Some entries follow. Reproduce exactly the lines starting at the one with "Arden Pink Plain" and stopping after the one with "பயங்கரவாதத் தடை சட்டத்தை".

• _INPUT DATA_:
***

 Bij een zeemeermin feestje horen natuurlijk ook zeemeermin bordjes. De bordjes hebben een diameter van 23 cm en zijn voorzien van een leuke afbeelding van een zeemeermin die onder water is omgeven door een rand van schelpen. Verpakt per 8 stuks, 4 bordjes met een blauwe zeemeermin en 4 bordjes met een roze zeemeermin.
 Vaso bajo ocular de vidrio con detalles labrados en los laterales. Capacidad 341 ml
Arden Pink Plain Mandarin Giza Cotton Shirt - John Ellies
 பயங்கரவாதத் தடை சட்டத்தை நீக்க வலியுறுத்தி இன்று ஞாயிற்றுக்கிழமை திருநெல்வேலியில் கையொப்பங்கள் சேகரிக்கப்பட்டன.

***

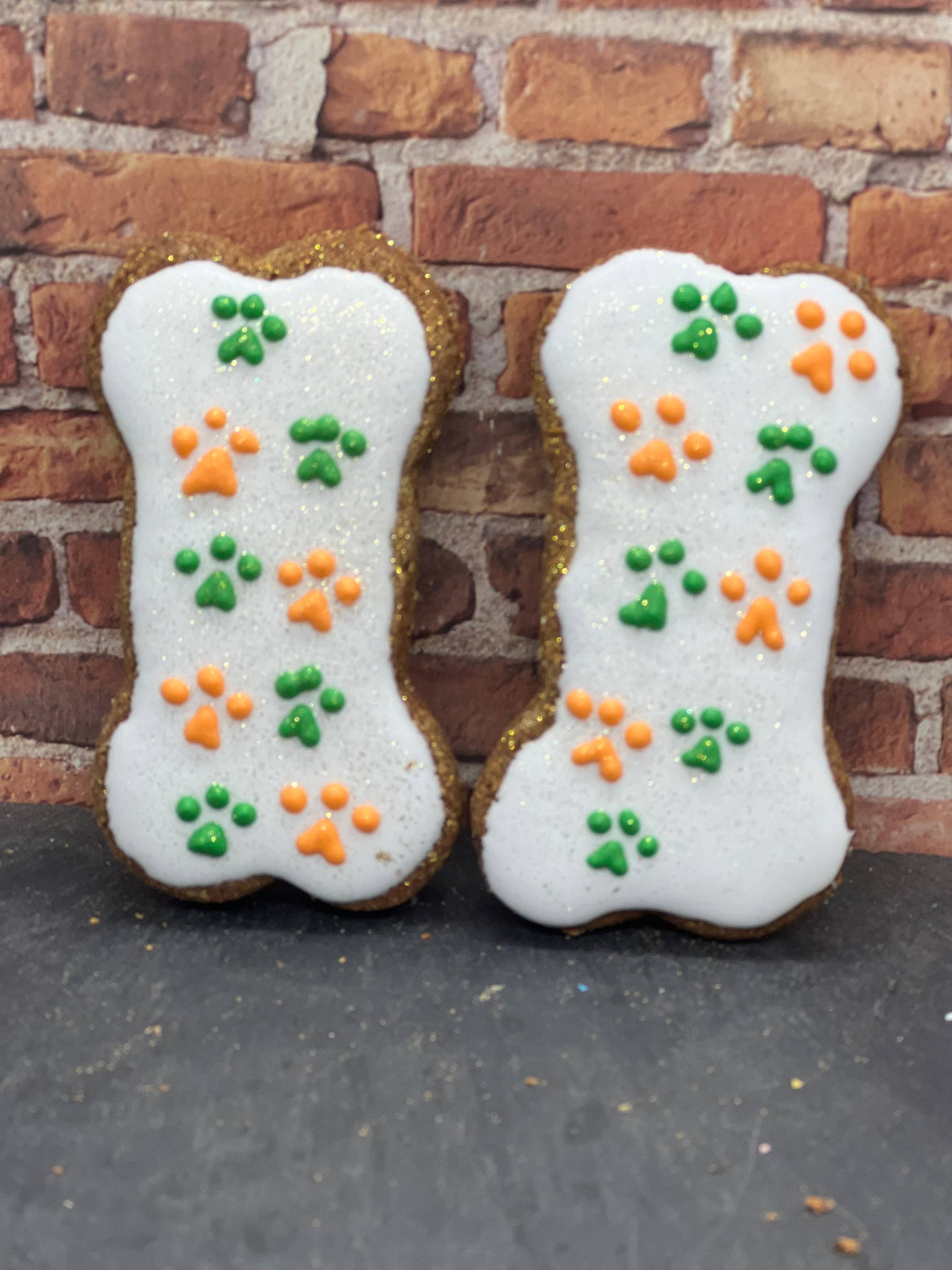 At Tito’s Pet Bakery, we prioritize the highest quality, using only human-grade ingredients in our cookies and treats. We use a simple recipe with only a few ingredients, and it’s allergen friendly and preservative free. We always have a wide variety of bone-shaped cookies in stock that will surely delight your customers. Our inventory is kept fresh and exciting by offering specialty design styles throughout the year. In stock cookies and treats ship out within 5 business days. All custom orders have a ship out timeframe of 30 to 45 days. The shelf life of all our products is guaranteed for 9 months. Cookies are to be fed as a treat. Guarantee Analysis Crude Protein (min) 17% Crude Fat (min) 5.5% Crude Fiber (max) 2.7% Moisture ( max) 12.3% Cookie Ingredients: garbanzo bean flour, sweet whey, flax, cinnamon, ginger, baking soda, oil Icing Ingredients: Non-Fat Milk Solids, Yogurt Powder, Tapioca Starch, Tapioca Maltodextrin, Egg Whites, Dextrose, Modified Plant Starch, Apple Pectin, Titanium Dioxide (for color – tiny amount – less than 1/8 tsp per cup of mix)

***

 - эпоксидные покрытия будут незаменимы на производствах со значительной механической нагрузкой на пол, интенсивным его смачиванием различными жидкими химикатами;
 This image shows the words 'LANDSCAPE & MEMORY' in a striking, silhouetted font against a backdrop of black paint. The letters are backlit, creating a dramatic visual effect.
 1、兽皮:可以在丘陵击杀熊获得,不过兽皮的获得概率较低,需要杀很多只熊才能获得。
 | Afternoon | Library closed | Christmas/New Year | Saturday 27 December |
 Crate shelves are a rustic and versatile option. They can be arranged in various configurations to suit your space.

***

• _TASK RESULT_:
Arden Pink Plain Mandarin Giza Cotton Shirt - John Ellies
 பயங்கரவாதத் தடை சட்டத்தை நீக்க வலியுறுத்தி இன்று ஞாயிற்றுக்கிழமை திருநெல்வேலியில் கையொப்பங்கள் சேகரிக்கப்பட்டன.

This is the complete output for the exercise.